== Task prompt ==
Word for word, copy the line that contains "Fraise kolczyki srebrne" and each line after it in the data below. Pictures stay out of the copy.

== Collected material ==
◆ ◆ ◆ ◆ ◆
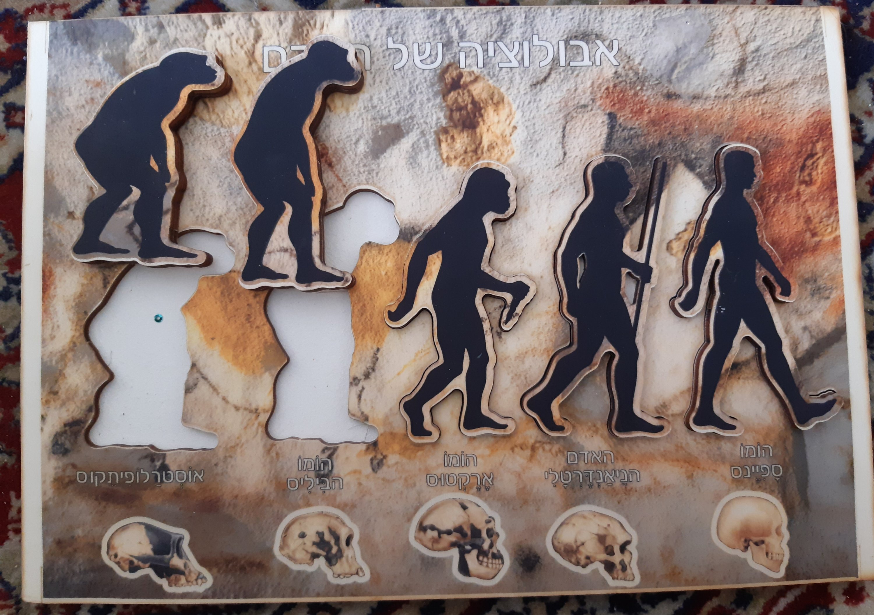כדי להכין את הבנות קצת לביקור, שלפתי שוב את הפאזל "אבולוציית בני האדם" ואת הבובות של חברת הספארי, וסיפרתי להן שהן הולכות לראות את המקום "איפה שגרו הבני האדם הקדמונים" – הומו ארקטוס, נאנדרטלי והומו סאפיאנס. שיחקנו שוב בפאזל.
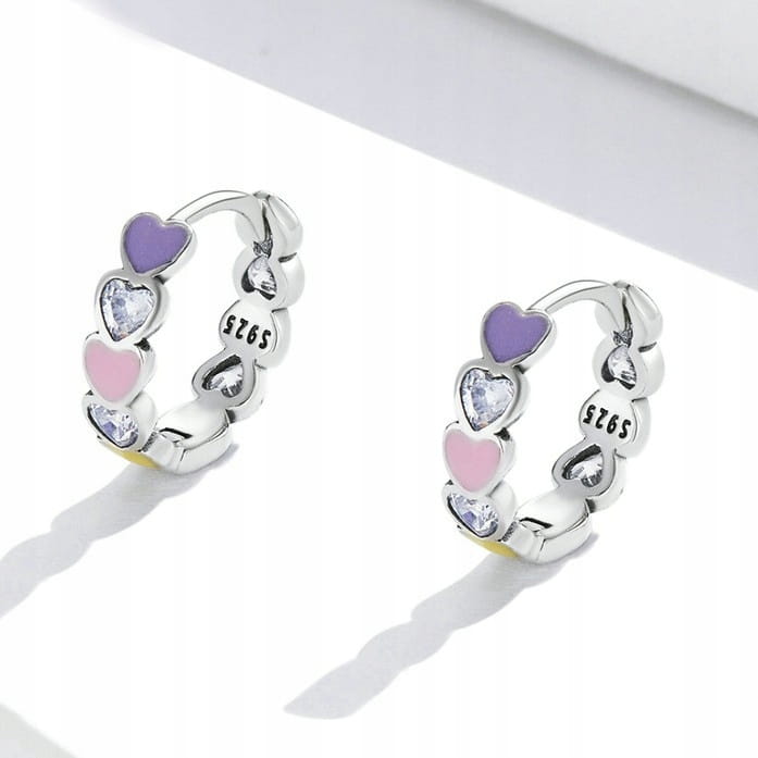 Fraise kolczyki srebrne S925 serduszka kolorowe z cyrkoniami
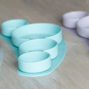 Los platos Mix mat vienen en diferentes colores y cuentan con 4 compartimentos de diferentes tamaños para ir promoviendo el desarrollo de la motricidad fina y la autonomía al comer.
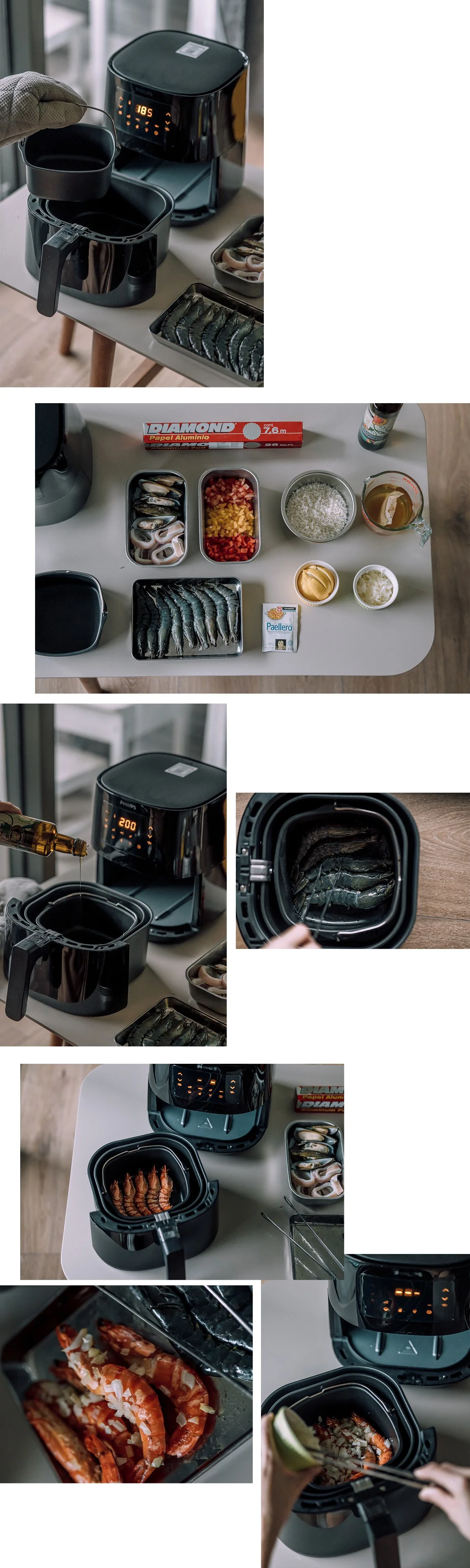 這邊唯一要注意是先讓將蝦子、洋蔥放進烘烤鍋氣炸2-3分鐘,讓香氣先出來,再把其他食材一起放入調理!
◆ ◆ ◆ ◆ ◆
== Exercise result ==
 Fraise kolczyki srebrne S925 serduszka kolorowe z cyrkoniami
 Los platos Mix mat vienen en diferentes colores y cuentan con 4 compartimentos de diferentes tamaños para ir promoviendo el desarrollo de la motricidad fina y la autonomía al comer.
 這邊唯一要注意是先讓將蝦子、洋蔥放進烘烤鍋氣炸2-3分鐘,讓香氣先出來,再把其他食材一起放入調理!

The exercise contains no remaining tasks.